It is noted that described further below is all exemplary, it is intended to provides further instruction to the application.It is unless another Indicate, all technologies used herein and scientific terminology are with usual with the application person of an ordinary skill in the technical field The identical meanings of understanding.
It should be noted that term used herein above is merely to describe embodiment, and be not intended to restricted root According to the illustrative embodiments of the application.As used herein, unless the context clearly indicates otherwise, otherwise singulative It is also intended to include plural form, additionally, it should be understood that, when in this manual using term "comprising" and/or " bag Include " when, it indicates existing characteristics, step, operation, device, component and/or combinations thereof.
As background technology is previously mentioned, hidden Markov model be easily trapped on solving the problems, such as overfitting it is local most Excellent situation, and computation complexity is higher.In order to improve recognition capabilities of the HMM to CpG islands, the present invention proposes one kind and is based on The CpG islands recognition methods of genetic algorithm and hidden Markov model, comprises the following steps, as shown in Figure 1:
1) model parameter initializes:Multiple chromosomes for including gene elements are obtained, each gene elements are using real Number represents that multiple chromosomes form one group of hidden Markov model parameter;
Chromosome generally represents the element of a character string, and each element is otherwise known as gene.Due to HMM parameters A, B, Pi It is three real number matrix, and dimension is higher, is difficult to using binary coding, for direct real reaction model parameter Change, so being represented using real number genomic strings.

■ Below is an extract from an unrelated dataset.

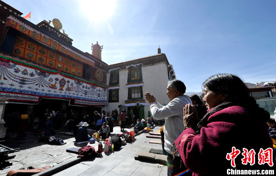 3月10日,天气回暖,拉萨民众在大昭寺前朝拜。中新社发 李林 摄

2) fitness value of each chromosome is determined using fitness function, the fitness value is used for representing to dye Body quality degree;
3) genetic algorithm is used, according to the fitness value, searching process is performed to the chromosome, it is then again true again Determine the chromosome fitness value after optimizing;
4) iteration is applicable step 3), after meeting to set end condition, exports optimal hidden Markov model parameter;
5) using the optimal HMM parameter of output, applied in test set, the base of observation sequence is being given Decoding operate is carried out on plinth, it is determined that the maximum probability hidden state sequence of the observation sequence is generated, for representing the position on CpG islands Put.
Genetic algorithm in the present invention includes three kinds of genetic operators, is selection operation, crossover operation and mutation operation respectively.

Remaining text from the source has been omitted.